Metaheuristic algorithms operate according to user customization through parameters. They significantly affect the performance of the algorithms. For example, one can bulk order search agents to increase the likelihood of finding a better-quality solution. However, this increases the execution time. We calibrated the parameter values (Table 5) used in this experiment by re-executing the algorithm several times.

Results

The results are described in three subsections. The first section compares the designed algorithm with the designed GA by Ngo et al. (2020) for a single team selection problem. The second subsection shows the results of multiple team selection. To assess the performance of the compared algorithms, we considered the aspects of the quality of the optimal solutions, processing time, and how they dealt with different decision scenarios. The final subsection compares metaheuristics and the exact algorithm on randomly generated datasets.

(1) Single Team Selection

In Ngo et al. (2020), the author compared GA algorithms (called GA-1) and DCA, and their GA-1 showed superior results when selecting three members from the tested dataset. To evaluate the quality of the proposed algorithms, we compared our designs to GA-1 when solving the single team selection problem using the same objective function. The results in Table 6 show that CPLEX could not find a solution from 500 candidates on the tested machine due to an out-of-memory error. Even when the number of candidates was decreased to 300, the objective value obtained by CPLEX was insufficient. GA-1 was designed to solve the single team selection problem.

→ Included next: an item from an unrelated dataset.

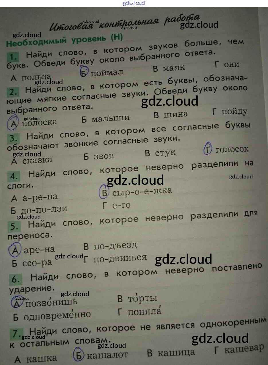 Ответы к варианту 2 (Страницы) по Русскому языку 4 класс Проверочные и контрольные работы Бунеева Школа 2100 Часть 1, 2 Баласс

Meanwhile, the proposed GA and ACO aim to find multiple-team selections, but they can find a quality solution as GA-1 for single team selection.

(2) Multiple Team Selection

As mentioned in Section 2.2, the original objective functions were transformed into a distance function from the actual solution point to the ideal point. This requires the use of z and zworst. The values of their elements are shown in Table 7. These values were readily calculated based on the candidate achievement data. We pre-calculated them for different scales of top K candidates from the tested dataset. The pair values $i\in \left\{1,2\right\},\left\{3,4\right\}$ and $\left\{5,6\right\}$ of ${z}_{i}^{\ast }$ and ${z}_{i}^{\mathrm{worst}}$ represent the best and worst scores, respectively, of the groups 1st, 2nd, and 3rd.

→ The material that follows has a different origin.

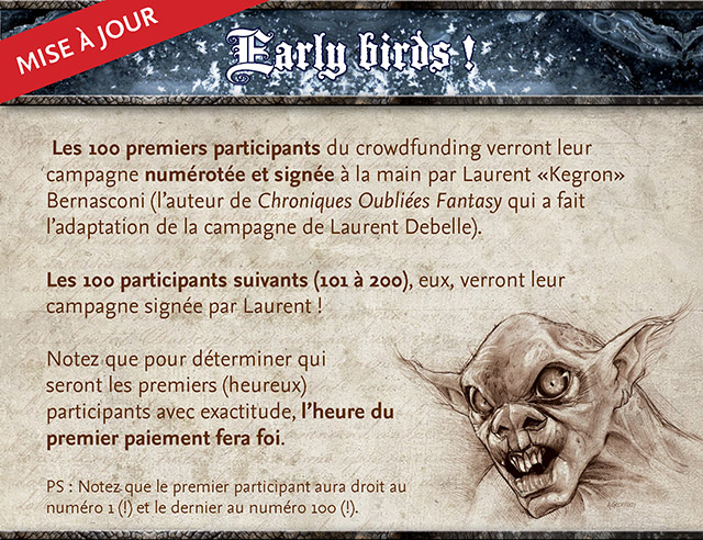 Pour ne pas spoiler les Early Birds mais permettre aux nombreux déçus de la première heures de l'être un peu moins, nous vous annonçons que les participants 101 à 200 auront également droit à une dédicace de Laurent, mais sans la numérotation !

In this experiment, we used the query shown in Fig. 8. There were three selected groups, along with the required skills required for each group. We used the indexes of skills in arrays instead of listing their names. This query was used in the next section. The heat map illustrates the minimum required scores that needed to be archived by the selected team’s skills. No required skills are displayed in white.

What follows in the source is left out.